Did Claude Increase Bugs in Rsync?

https://alexispurslane.github.io/rsync-analysis/

58•logicprog•1h ago

Comments

wookmaster•1h ago

Claude is just a tool ? The developers who merged that code and didn't properly test increased the bugs.

everdrive•1h ago

"Did cars increase traveling deaths?"

"Cars are just a tool. The drivers who piloted the vehicles and weren't careful enough [are responsible for the deaths.]"

Angostura•1h ago

This tool is claimed to be able to find and fix bugs.

roywiggins•1h ago

If something's a bad tool that misleads people into doing bad work, it would be good to know that.

the_real_cher•1h ago

Is there a non vibe coded fork of rsync?

throwaway7356•55m ago

Yes: https://news.ycombinator.com/item?id=48390931

So far it reintroduced several security issues and replaced the README.md.

rovr138•1h ago

I'm just curious about testing.

Is this a configuration that's not common and thus not tested?
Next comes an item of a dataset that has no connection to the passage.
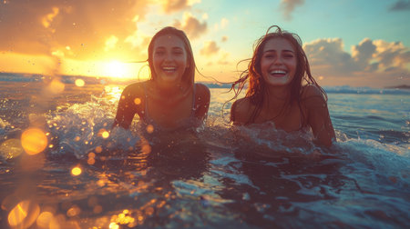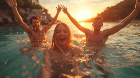 of a perfect vacation, showcases a dynamic group of friends, men and women, reveling in the sea at sunset. Laughter echoes over the waves as they enjoy a carefree swim,

If people think they can do better, I want to see their forks and them keeping up with it.

https://github.com/RsyncProject/rsync/graphs/contributors?fr...

duk3luk3•1h ago

This article is unfortunately unreadable because all of the prose is unfiltered LLM slop.

roywiggins•1h ago

> A simple distributional analysis of every rsync release with bug data. No model. No assumptions. Just placement.

If you want me to read your analysis, you are going to have to make it not read like Claude wrote it. What does "placement" even mean here?

logicprog•1h ago

"Placement" as in where the Claude-driven releases exist within the existing distribution of bugs per 100 commits. If they're not OOD, then nothing is unusual.

Also, it wasn't written by Claude FWIW, GLM 5.1.

rroblak•1h ago

Yeah, made me chuckle that an LLM— probably Claude— was used to write this.

The use of "regime shift" is what gave it away for me. I've never seen a human write that, but Claude does from time to time.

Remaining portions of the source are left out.